In other words, tuition – the money today’s youth and their families have to save to keep those students in class and accumulating the appropriate credits – costs two and a half times as much today as it did when their Babyboomer parents or grandparents were saving cash for a college or university education 40 years ago. According to the latest research from Yalnizyan’s CCPA the smallest increase in the number of hours required to pay for tuition was n Newfoundland and Labrador – about 16 per cent; while Ontario has experienced the greatest increase of minimum-wage work to pay tuition – about 173 per cent.
There’re a lot of numbers in there. But what they mean essentially is that our kids and grandkids, trying to pay for their post-secondary educations, have to work at two or three jobs during their down time (usually in the summer) in order to emerge from their holiday break with enough cash in their bank accounts to pay colleges and universities the tuition for the coming year.

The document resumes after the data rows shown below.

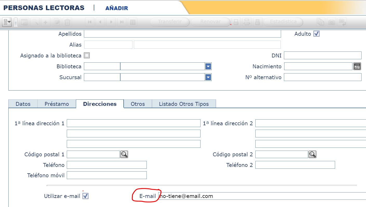 - Helbide elektronikoa: irakurleek nahitaez izan beharko dute e-mail bat SMSak bidali ahal izateko. Irakurle baten e-maila ezagutzen ez badugu, baina mugikorra bai, aldi baterako fikziozko e-mail bat erabili ahal izango dugu no-tiene@email.com sistemak SMSak bidaltzeko.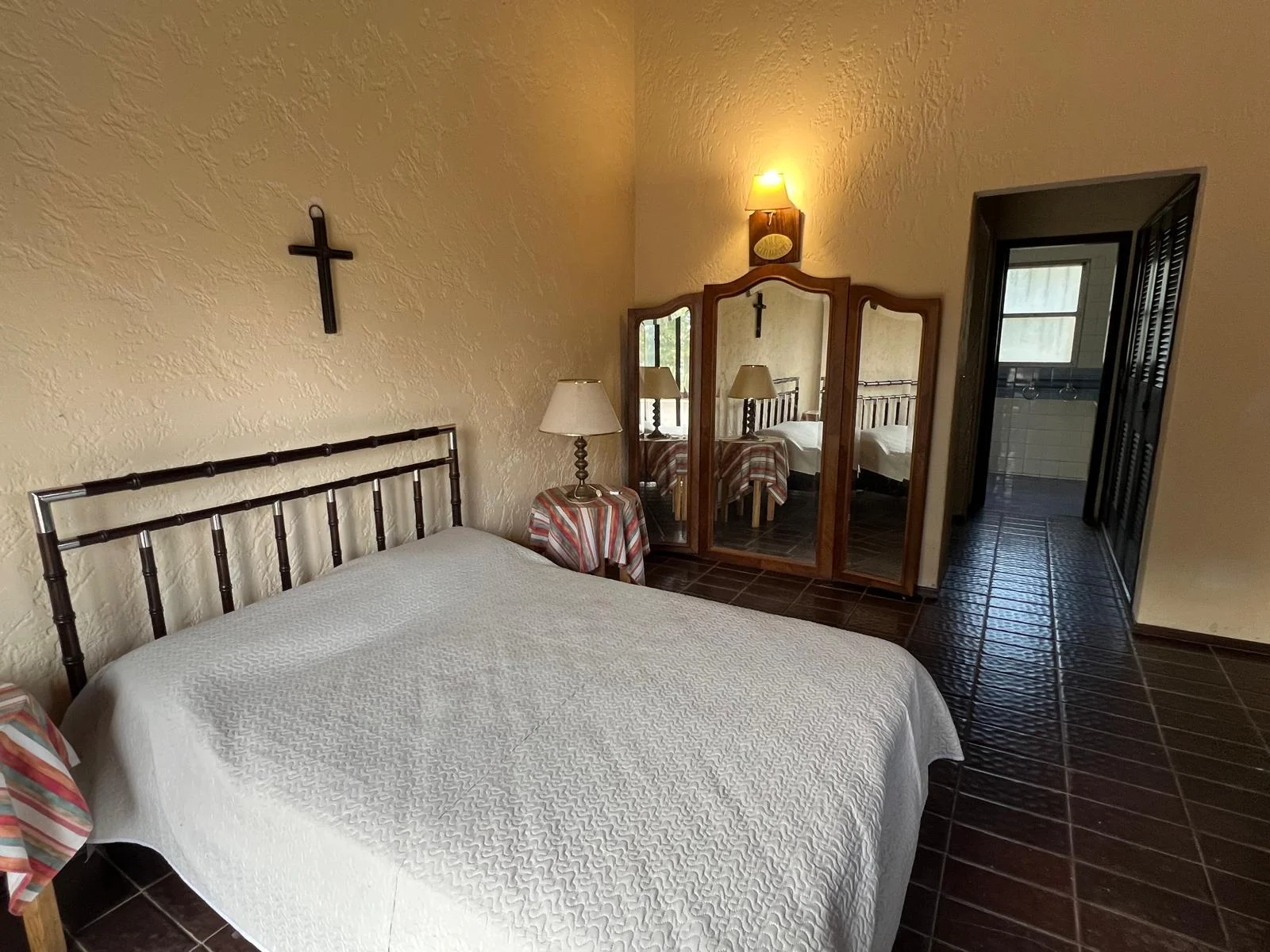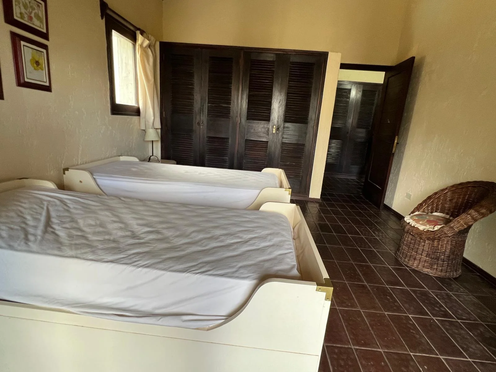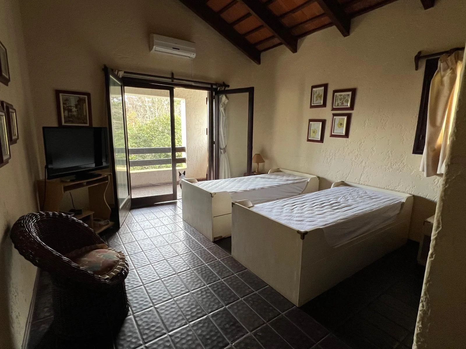 1 suite principal con estufa a leña, aire acondicionado, TV cable, sillón de relax y terraza privada con vistas al jardín.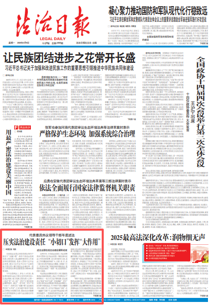 今年全國(guó)兩會(huì)上,多位人大代表、政協(xié)委員接受《法治日?qǐng)?bào)》記者采訪時(shí)表示,在述法現(xiàn)場(chǎng),地方黨政主要負(fù)責(zé)人以第一人稱述“我”,向上級(jí)“一把手”匯報(bào)年度依法履職情況,通過(guò)“一把手抓一把手”的“小切口”,發(fā)揮壓實(shí)“關(guān)鍵少數(shù)”法治建設(shè)責(zé)任的“大作用”,已成為提升領(lǐng)導(dǎo)干部依法辦事能力的重要手段、推動(dòng)突出問(wèn)題解決的重要渠道和公眾參與法治建設(shè)評(píng)價(jià)的重要途徑。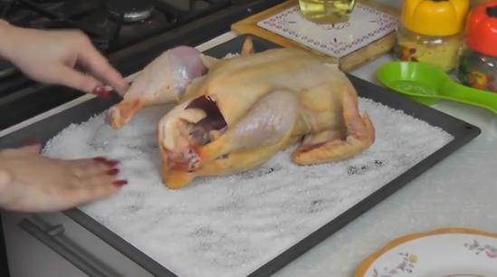 2. Курицу солить дополнительно и перчить не нужно. Просто положите ее на соль и курица сама возьмет в себя и впитает столько, сколько нужно.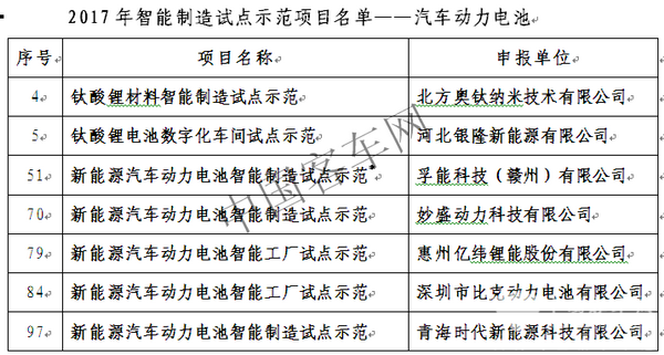 “2017年智能制造試點(diǎn)示范項(xiàng)目”18個(gè)汽車關(guān)聯(lián)項(xiàng)目中,新能源汽車動(dòng)力電池就占了7個(gè)。

In addition to the hardship this whole scenario inflicts on students, it also creates an odd result at colleges and universities, perhaps to their benefit. The post-secondary institutions now have to gear their programs to have students in their halls of higher learning not for three or four years. Now the students enroll in programs over a period of five or six years, inflicting even greater hardship on families funding their kids’ education. And if the students can’t raise the cash in their savings accounts, it means they have to go further into debt, not by just a few thousand dollars, but more often by tens of thousands of dollars.
“I’ll be paying off my student loans well into my 40s,” I remember hearing one of my students lament.
Just this week, I overheard a number of my own journalism program students. They were discussing the nature of the courses, the background of the students and the tuitions they paid for their educations. Typical are the tuitions for University of Toronto (Scarborough College) – somewhere in the neighbourhood of $8,000 per semester. That’s about five times what I would have paid 40 years ago. But when I asked one of my students about the UTSC tuitions, she shocked me.
“That $8,000 is nothing,” she said. “I’m an international student (from outside Canada). Our tuition for the same course is nearly four times that amount, over $30,000.”
I wondered how many more summertime all-night shows I might have had to broadcast had I been an international student. I’d never have made it.
It happened after I’d graduated from Ryerson in 1971. I’d learned about a position writing press releases and biographies about up-and-coming rock ‘n’ roll musicians. They called it A&R, an artist and repertoire position. My employer would be one of the biggest recording labels in the world – Warner Brothers. And, they told me, I would be working from a brand new office in Yorkville, the heart of Toronto’s pop music world.
I wanted that job so badly I could taste it. I applied in June, got it in September and was told I’d start in December. It would be my biggest, best Christmas present ever. Then, the roof caved in.
“Sorry to have to tell you this,” the Warner Brothers flunky said on the phone that December. “Changed their minds. No A&R office. No job.”